◆ About this task ◆
Each line from the one containing "Les fèves sont" to the end of the data must be copied exactly, the first and last included; no other lines and no pictures belong in the copy.

◆ Material supplied ◆
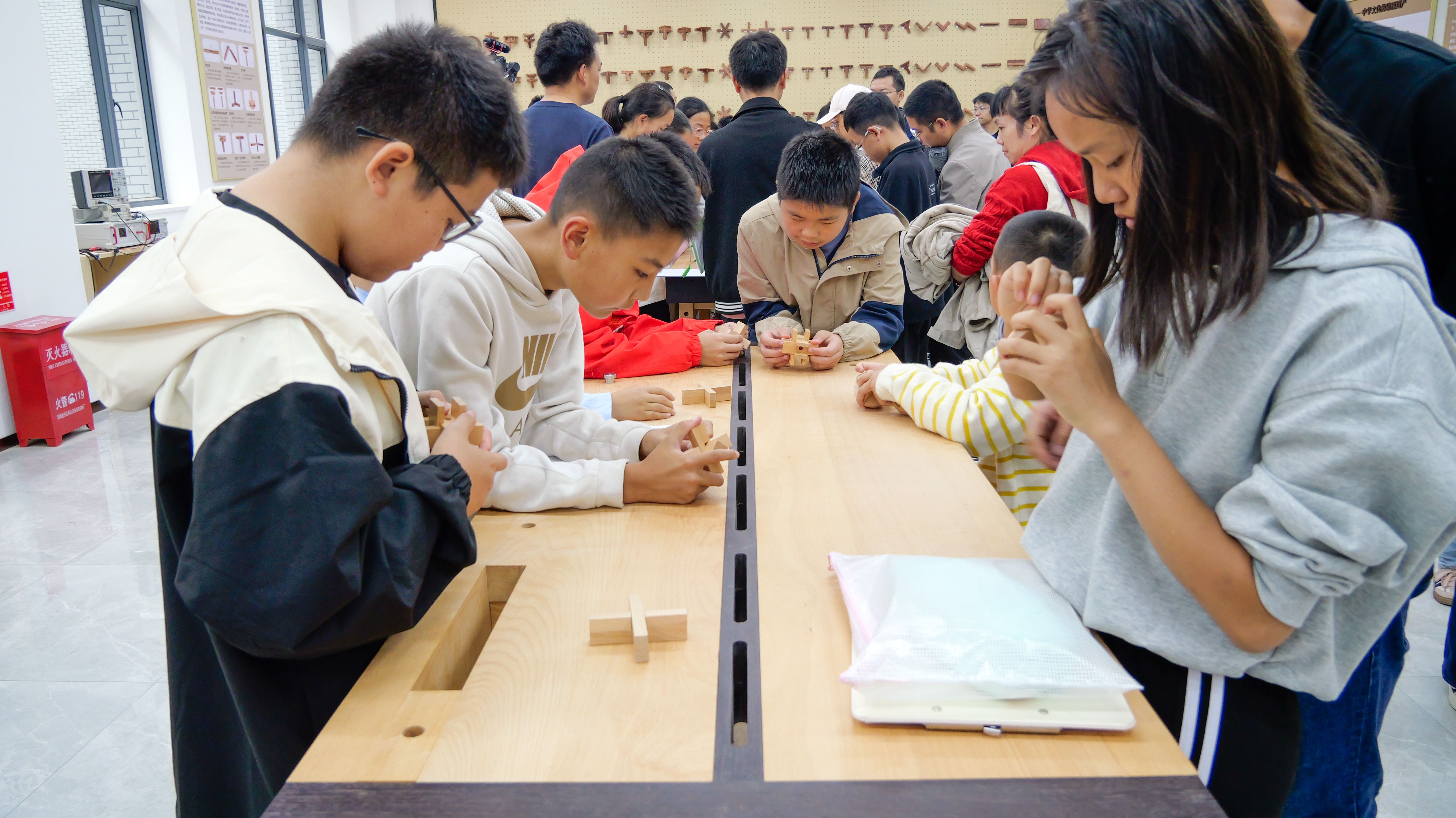 活动中,同学们还参观了馆藏的万种木材标本库,并在木工坊体验了传统与现代工艺相结合的实践环节。参观结束后,研学团参与了鲁班锁竞技比赛。作为凝聚古人智慧的榫卯益智玩具,鲁班锁不仅考验参与者的手眼协调能力,也有助于提升空间思维与逻辑推理能力,使抽象的科学原理在动手实践中变得可触可感。
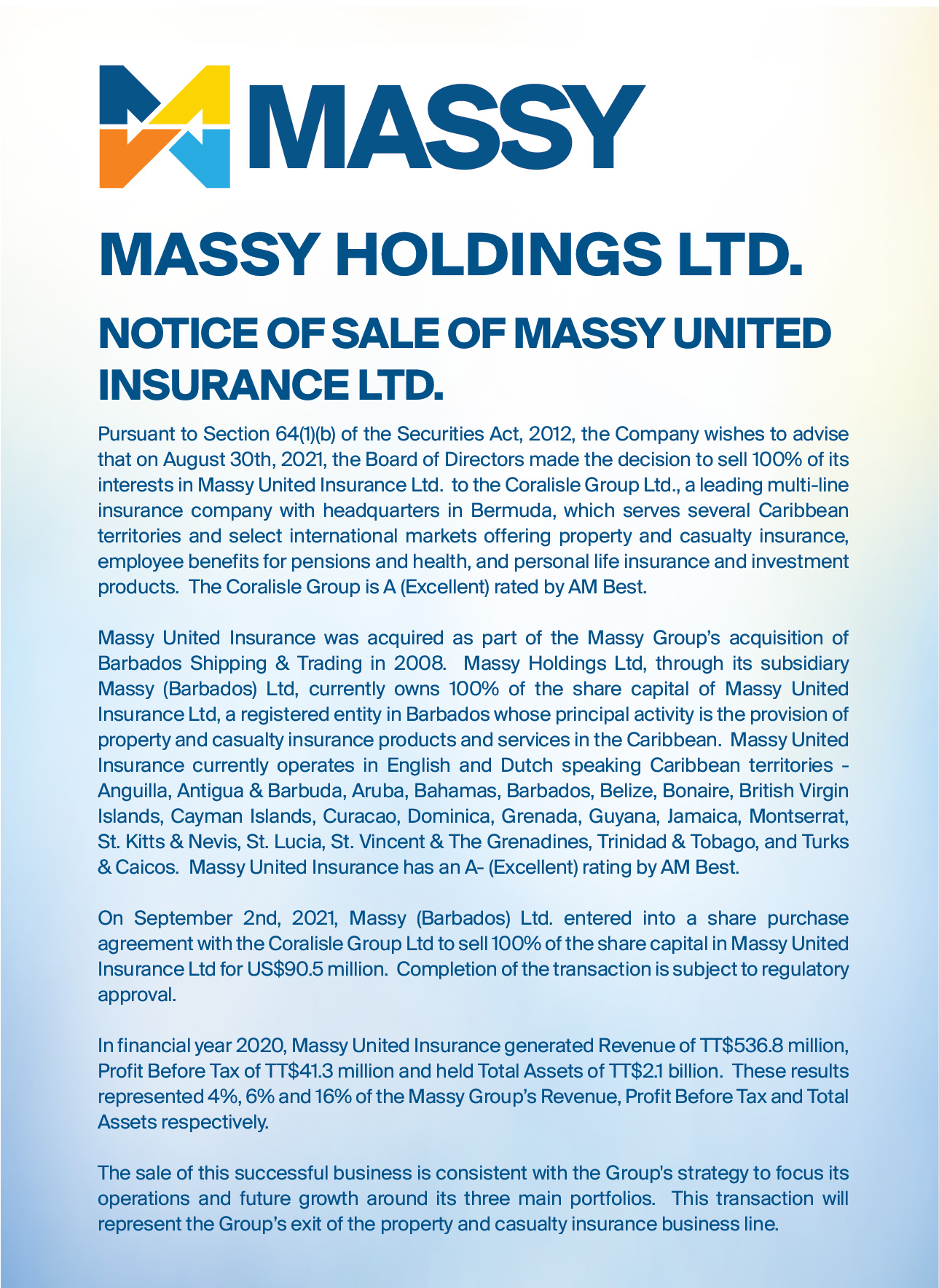 Notice of Sale of Massy United Insurance Ltd.
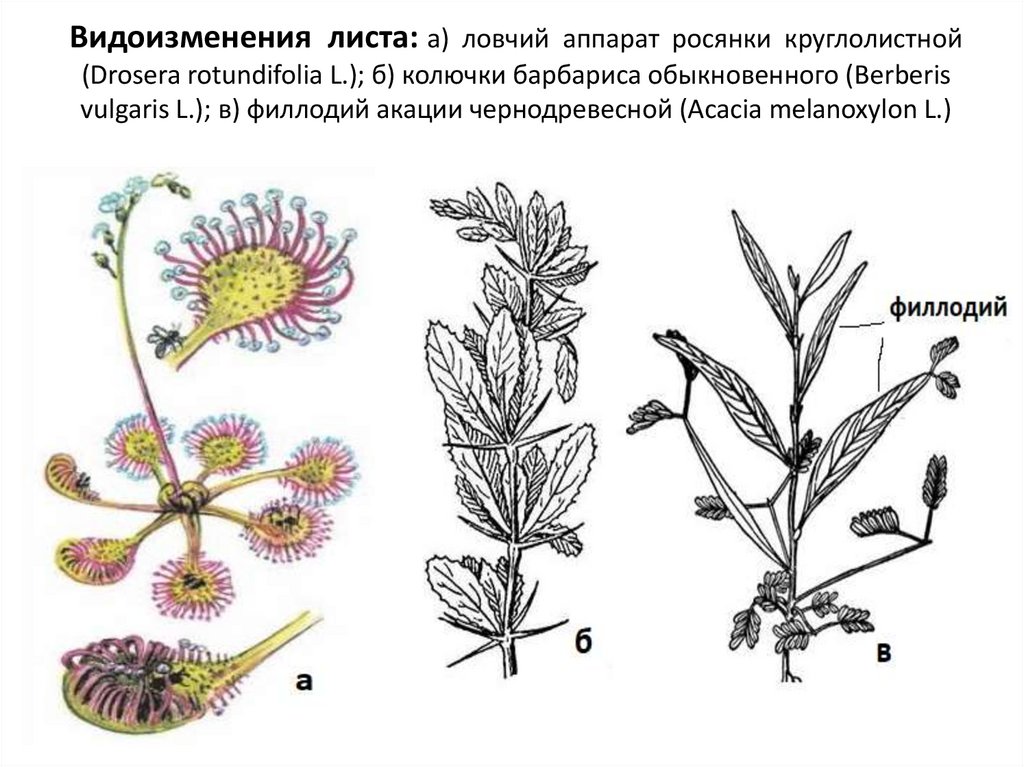 Видоизменения листа: а) ловчий аппарат росянки круглолистной(Drosera rotundifolia L.); б) колючки барбариса обыкновенного (Berberis
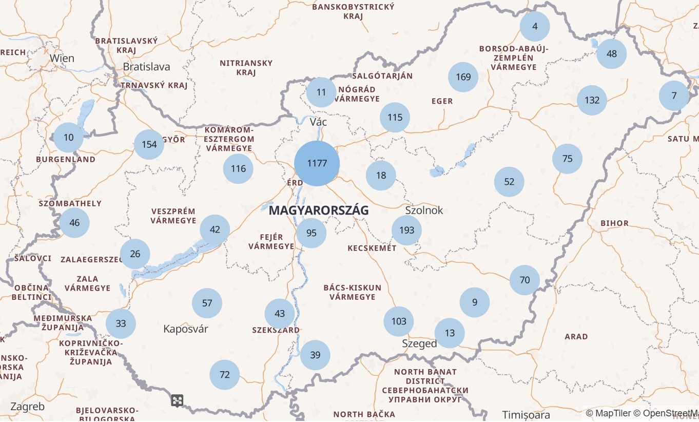 A térképen szereplő bűnügyi adatok nem tartalmazzák azoknak a nyomozásoknak az adatait, amelyekben bármely információ idő előtti nyilvánosságra hozatala sértené a nyomozás érdekeit. Forrás: terkep.police.hu
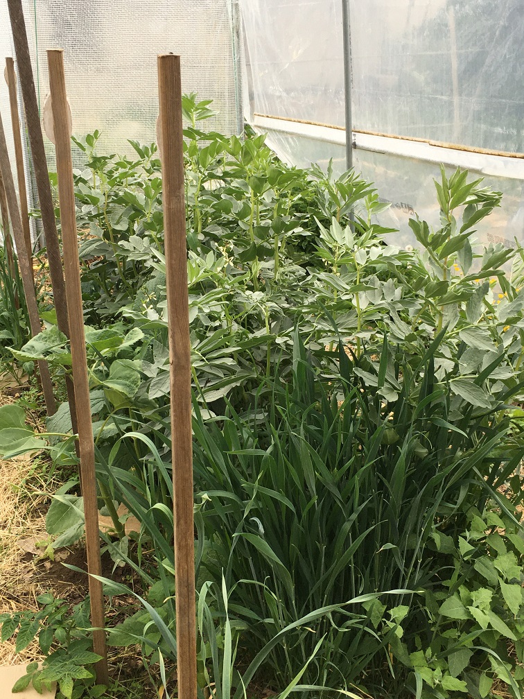 Les fèves sont entourées de pousses d'aillet et du blé des oiseaux qui a été versé par mégarde !!
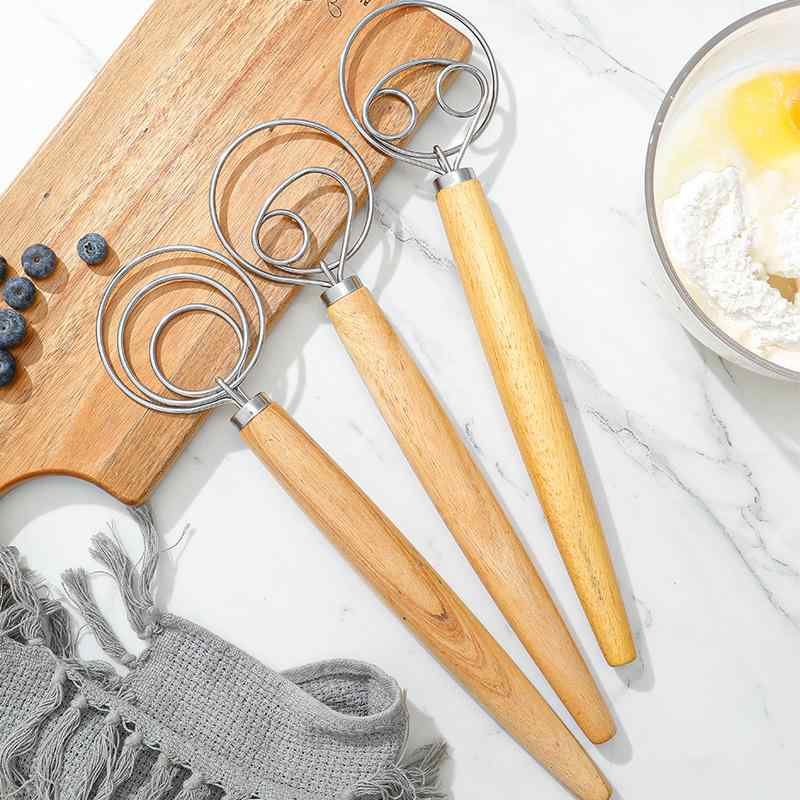 泡立て器 手動 ステンレス製 ホイッパー 粉混ぜ器 オーク材ハンドル シングルリング ダブルリング 家庭用 お菓子作り パン作り キッチンツール 製菓用品

◆ Task result ◆
 Les fèves sont entourées de pousses d'aillet et du blé des oiseaux qui a été versé par mégarde !!
 泡立て器 手動 ステンレス製 ホイッパー 粉混ぜ器 オーク材ハンドル シングルリング ダブルリング 家庭用 お菓子作り パン作り キッチンツール 製菓用品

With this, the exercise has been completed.